In early 2015, a mysterious outbreak of group B streptococcus appeared in Singapore. Streptococcus typically lines the intestines and urinary tracts of one-third of healthy adults, and is mostly considered harmless. The only doctors who really worry about the disease are obstetricians, because of the risk it poses to newborns. But here were strong and fit adults succumbing to the infection, arriving at emergency wards feeling feverish and confused, with severe headaches.

Between January and July, 238 streptococcus cases were detected in Singapore, compared to an annual average of 150. Government officials soon traced these cases to a popular dish of raw freshwater fish called yusheng, which is served with rice porridge at hawker stalls. “Group B streptococcus was not known to be a food-borne illness until this outbreak,” says Swaine Chen at the National University of Singapore and GIS.

Chen and his colleagues used genomic sleuthing to further investigate the source of the outbreak. “We found that more than 90 per cent of the group B streptococcus cases during that period were infected by the exact same strain,” he says. “It was a total slam dunk.”

Genomics offers a level of precision that other detective tools cannot, and has become common practice in outbreak surveillance.

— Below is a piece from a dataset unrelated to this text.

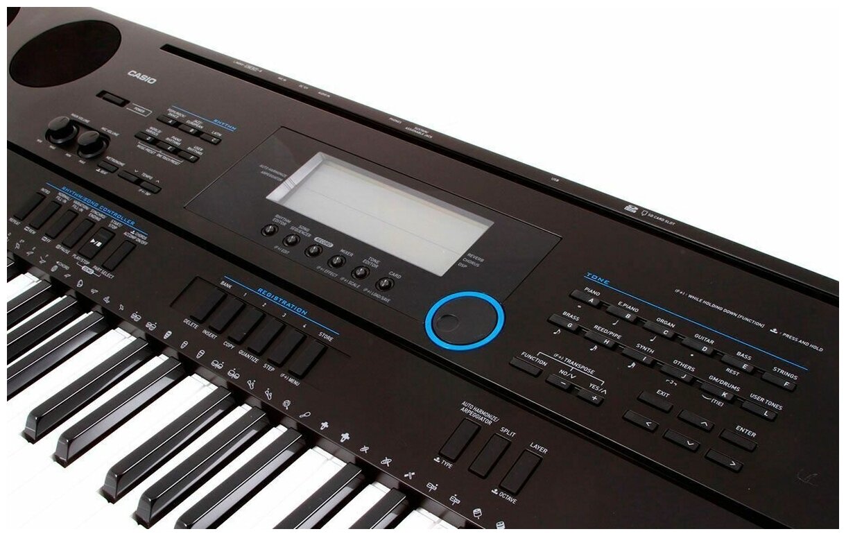Number of keys: 54, key size: full size, keyboard hardness: unweighted, display, pedals: no, body: compact, auto accompaniment, song recording, metronome, learning, split keyboard, tra

It was used to assess the 2014 Ebola epidemic, and is regularly used to monitor listeria and salmonella contamination in food. As part of ROUTES, Chen is trying to increase the scale and speed of such analyses for almost any bacteria.

Driving the initiative is the proliferation of genomic bacterial data. He now has access to 2,000 strains of group B streptococcus, with close to 50,000 strains of Escherichia coli and 130,000 strains of Streptococcus pneumoniae becoming publically available in the next year. Once the system is in place, Chen’s team could analyse the raw bacterial data of an emerging outbreak within six hours, instead of the week it took them in 2015. Eventually, the system will be so easy to use that physicians could do the detective work themselves. “We want clinicians to be able to manage the deluge of data without needing to know much about the low-level processing.”

Penguin flu

Influenza virus sequencing has shown that even penguins can catch the flu.

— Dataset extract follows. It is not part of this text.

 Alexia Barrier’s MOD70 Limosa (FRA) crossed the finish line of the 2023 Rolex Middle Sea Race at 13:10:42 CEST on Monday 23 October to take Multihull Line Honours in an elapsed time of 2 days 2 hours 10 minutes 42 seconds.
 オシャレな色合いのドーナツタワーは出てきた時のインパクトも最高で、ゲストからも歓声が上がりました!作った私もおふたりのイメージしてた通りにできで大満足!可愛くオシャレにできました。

Influenza virus sequencing has shown that even penguins can catch the flu. 

© Simon Bottomley/DigitalVision/Getty

What Chen is doing for bacteria, Sebastian Maurer-Stroh at the BII is doing for viruses. In the midst of the swine flu pandemic in 2009, he developed FluSurver, a public online tool for analyzing sequences of the influenza virus to identify mutations and determine how those changes affect the structure of the virus.

The World Health Organization’s national influenza centers based in 113 countries use FluSurver for their surveillance, connected to the virus database of the Global Initiative for Sharing All Influenza Data (GISAID), which amounts to up to 20,000 sequences of influenza analyzed every year. The tool has been used to spot where and when new mutations emerge in distant reaches of the world, including antiviral resistant swine flu variants in Singapore and Australia, as well as highly pathogenic strains of the avian influenza virus in Mexican chicken farms and in live poultry markets in eastern China. In 2014, a large collaborative team including Maurer-Stroh confirmed for the first time that even penguins catch the flu, and that their flu type is not dangerous to humans.

Beyond FluSurver, the BII has applied genomic analysis tools to outbreaks of norovirus, adenovirus, dengue, hepatitis C, and even the Zika virus in Singapore. In 2016 for example, the BII team, together with the National Public Health Laboratory of the Ministry of Health, rapidly characterized the local Zika strain linked to a large cluster of cases in Singapore. Under c-BIG, Maurer-Stroh also plans to work with colleagues at the I2R to map the genetic diversity of dengue against the movement of commuters through the public transport system.

Eventually, c-BIG expects to take such analyses into our everyday lives. “In the future, genomics will be just as ubiquitous as computing — everyone will have sequencers in their hands, their homes and various devices, essentially serving as sensors for life,” says Nagarajan. “We need to develop algorithms and robust systems that can aggregate data, make inferences and provide useful information about our environment in real-time.”